Restate all entries word for word, minus pictures.
═══ Data for this exercise
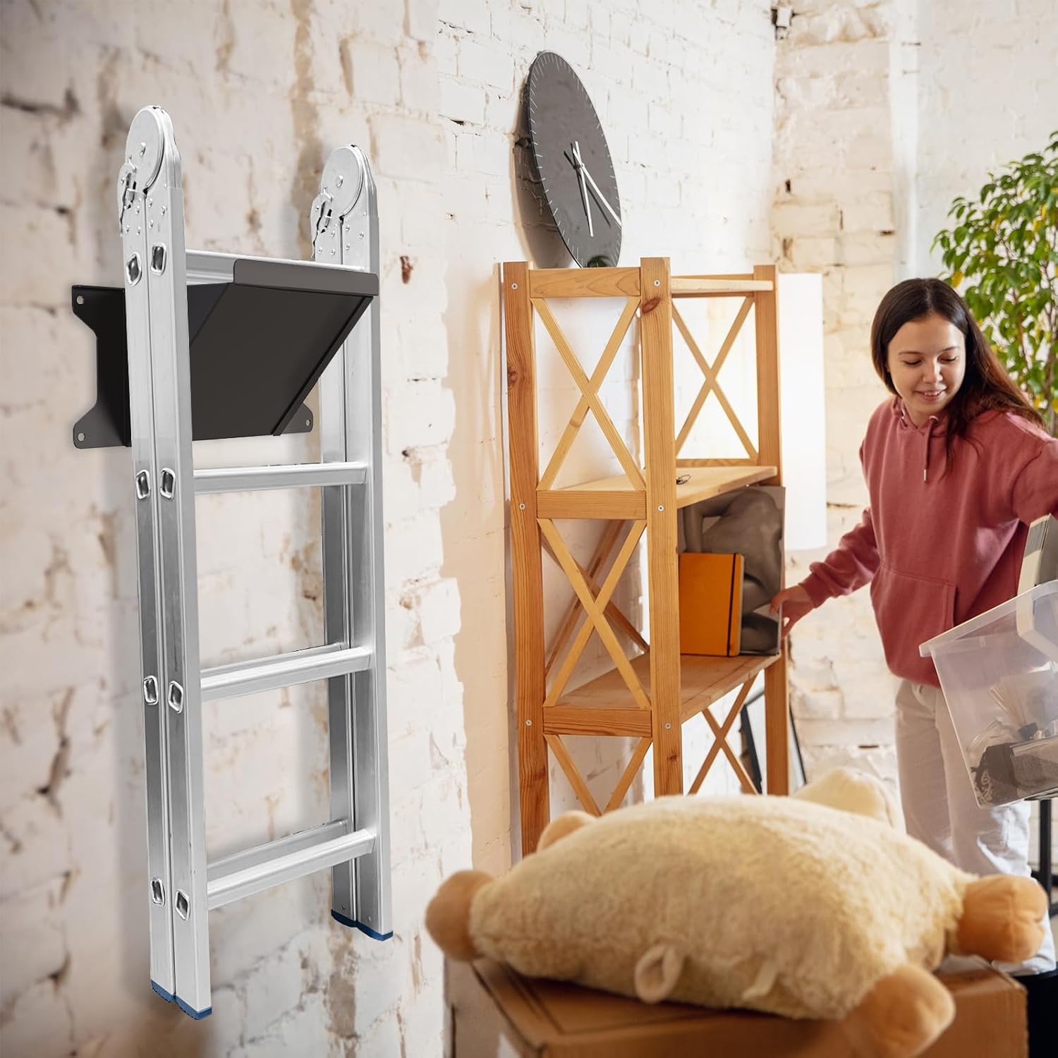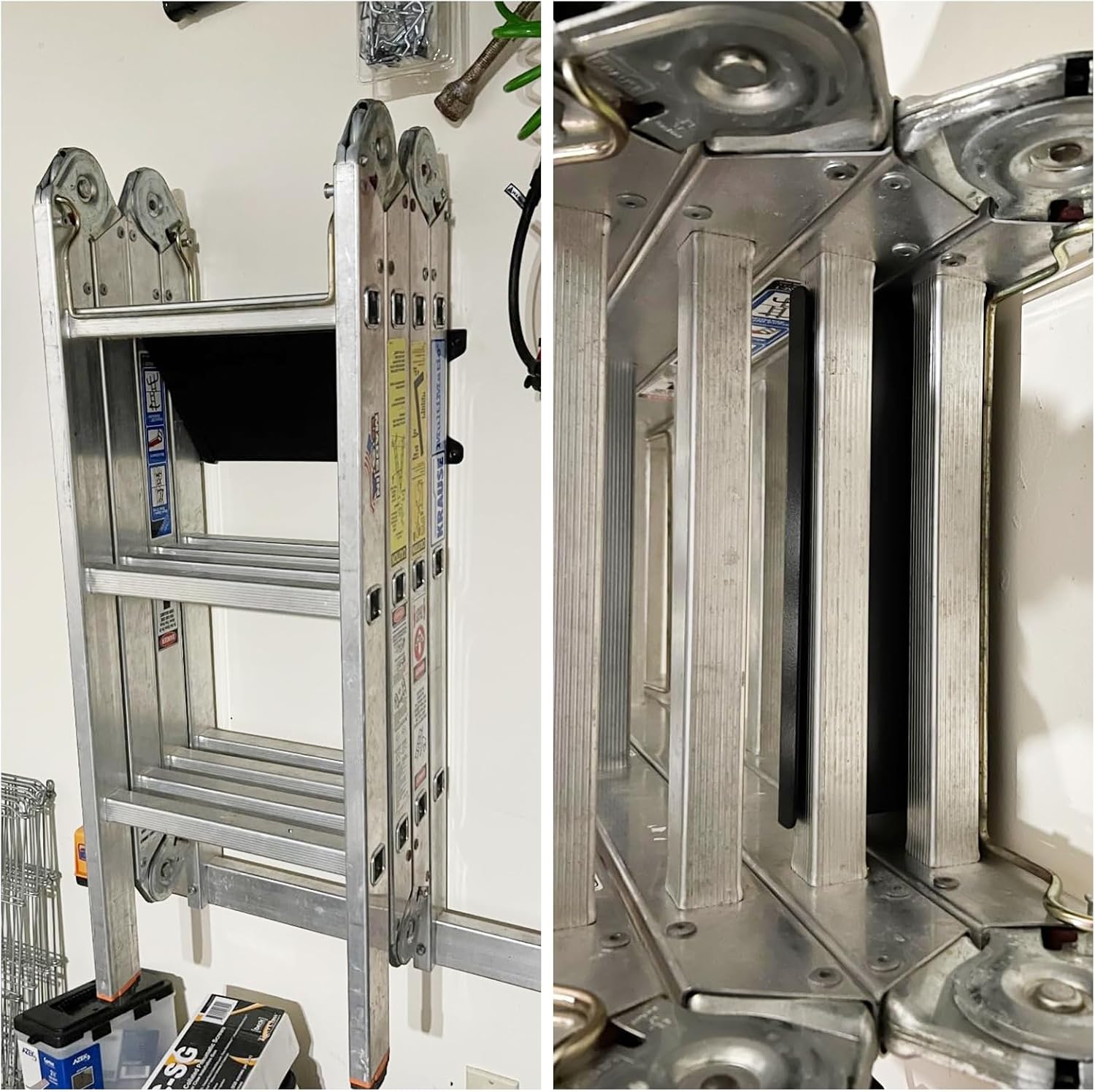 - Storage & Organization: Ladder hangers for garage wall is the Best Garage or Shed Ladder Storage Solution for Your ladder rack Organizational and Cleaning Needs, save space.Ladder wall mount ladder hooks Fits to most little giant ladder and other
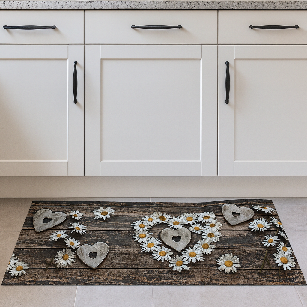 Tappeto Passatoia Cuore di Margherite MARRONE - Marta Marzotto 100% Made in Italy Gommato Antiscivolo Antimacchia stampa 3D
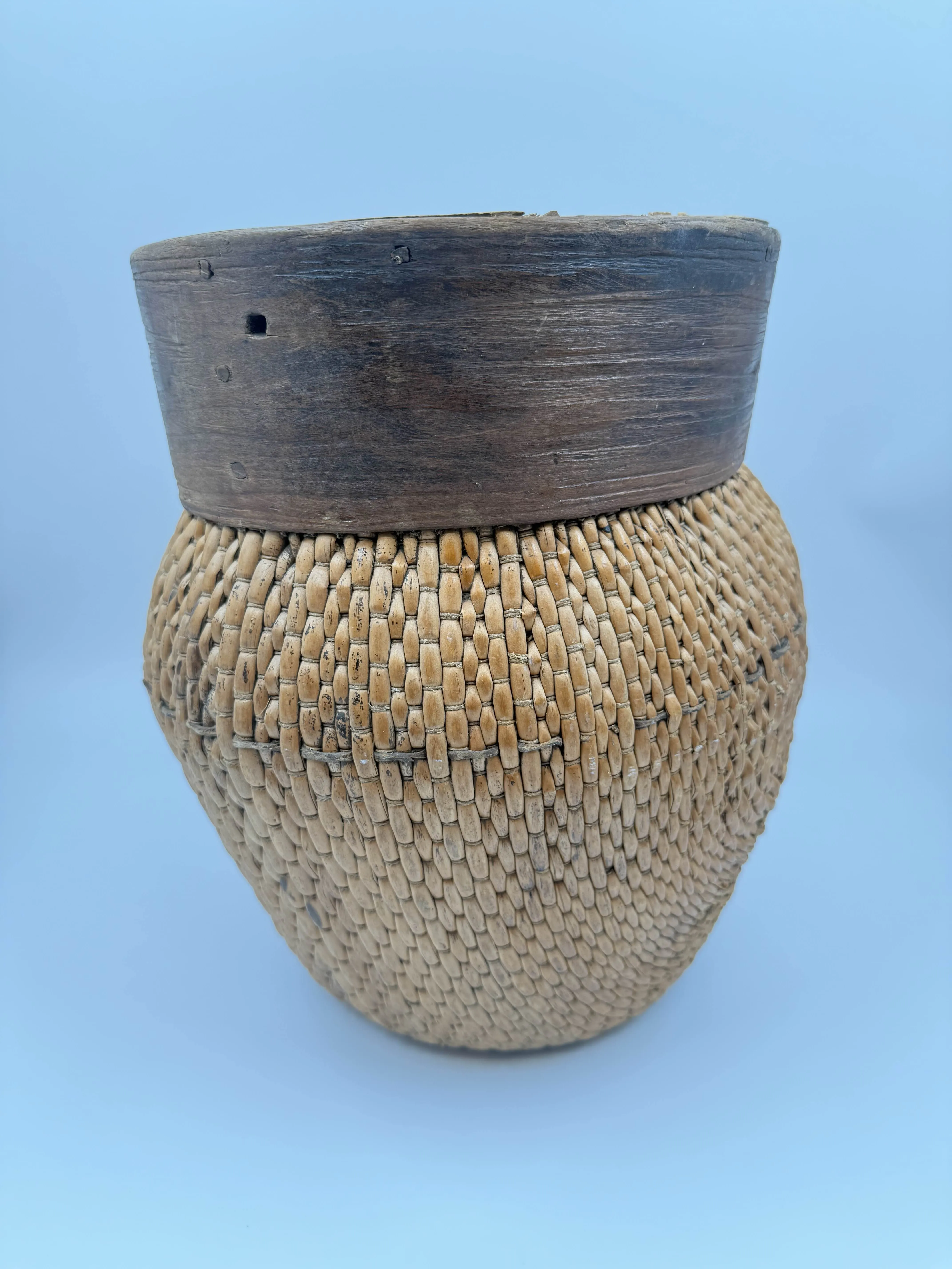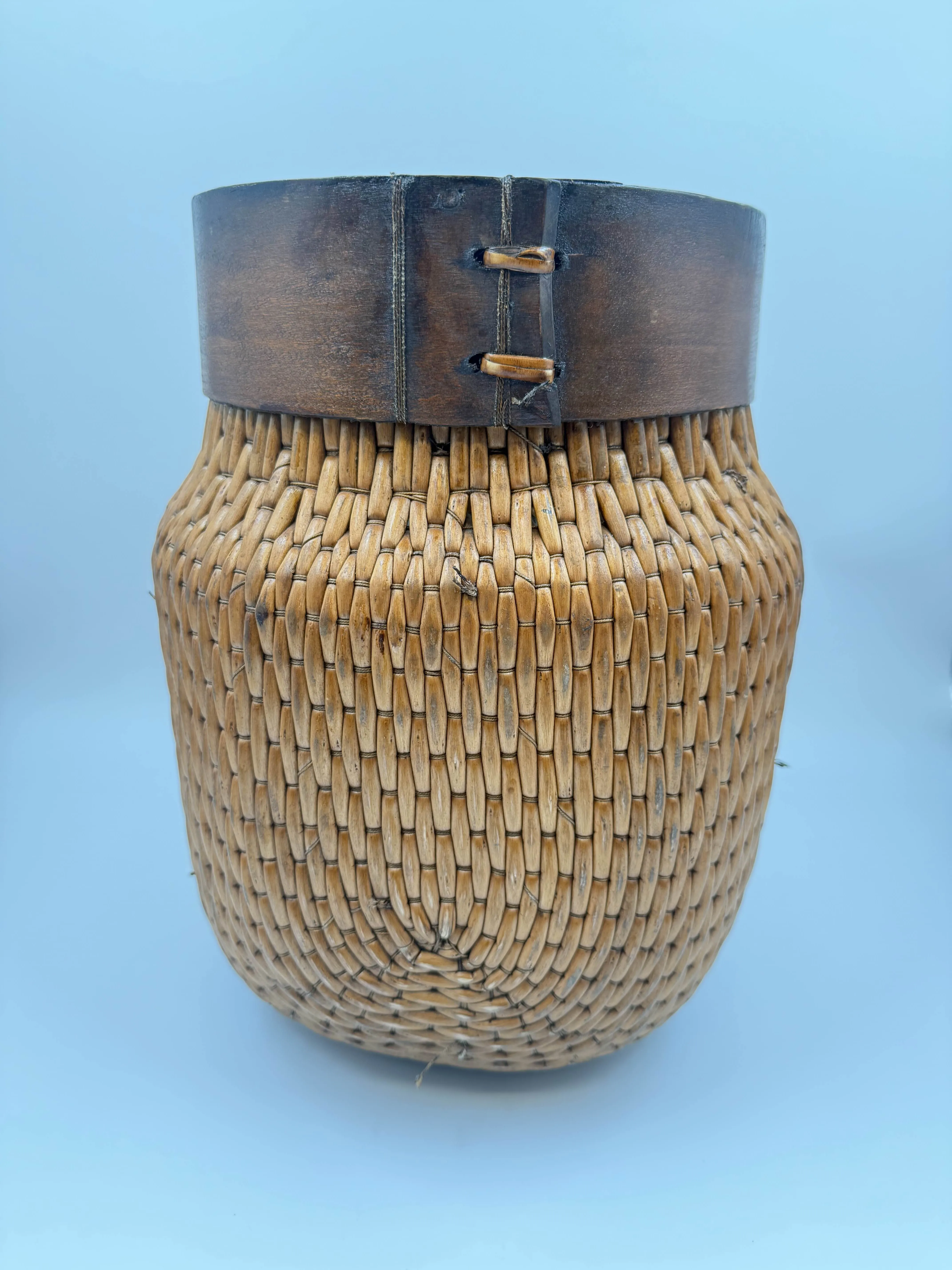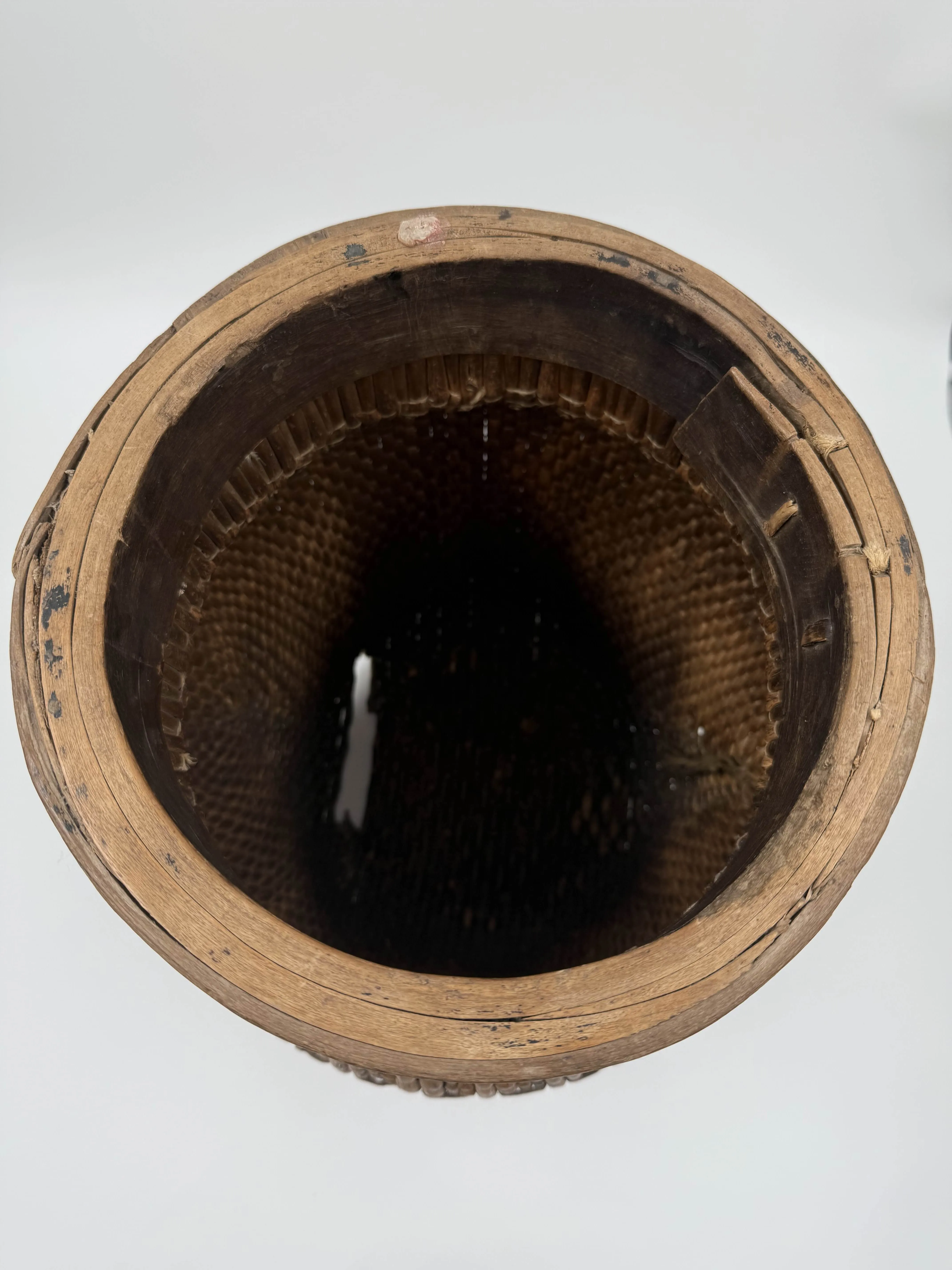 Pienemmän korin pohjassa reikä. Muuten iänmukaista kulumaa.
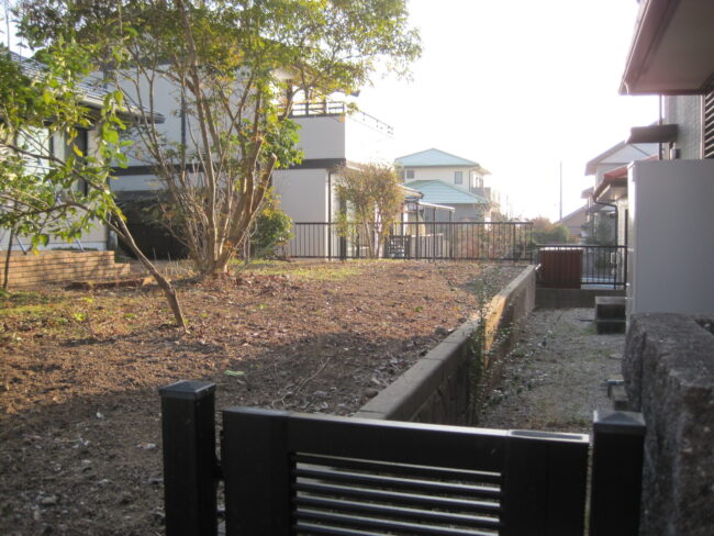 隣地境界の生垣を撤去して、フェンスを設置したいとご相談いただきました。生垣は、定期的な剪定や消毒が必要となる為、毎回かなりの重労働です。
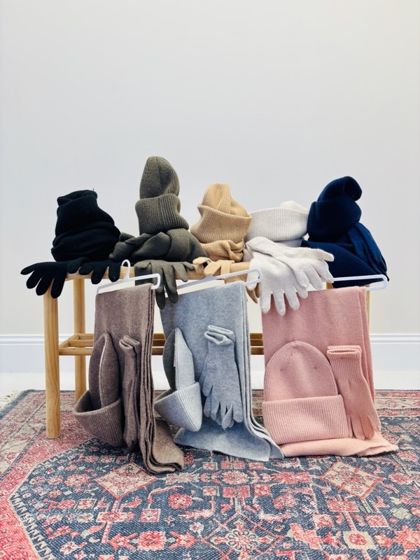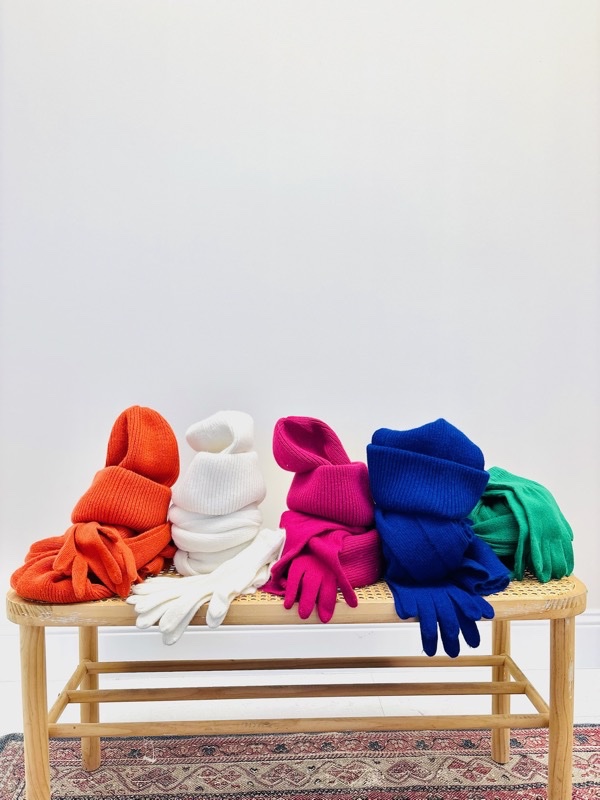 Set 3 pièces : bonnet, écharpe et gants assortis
══════
Response to the task ->
 - Storage & Organization: Ladder hangers for garage wall is the Best Garage or Shed Ladder Storage Solution for Your ladder rack Organizational and Cleaning Needs, save space.Ladder wall mount ladder hooks Fits to most little giant ladder and other
 Tappeto Passatoia Cuore di Margherite MARRONE - Marta Marzotto 100% Made in Italy Gommato Antiscivolo Antimacchia stampa 3D
 Pienemmän korin pohjassa reikä. Muuten iänmukaista kulumaa.
 隣地境界の生垣を撤去して、フェンスを設置したいとご相談いただきました。生垣は、定期的な剪定や消毒が必要となる為、毎回かなりの重労働です。
 Set 3 pièces : bonnet, écharpe et gants assortis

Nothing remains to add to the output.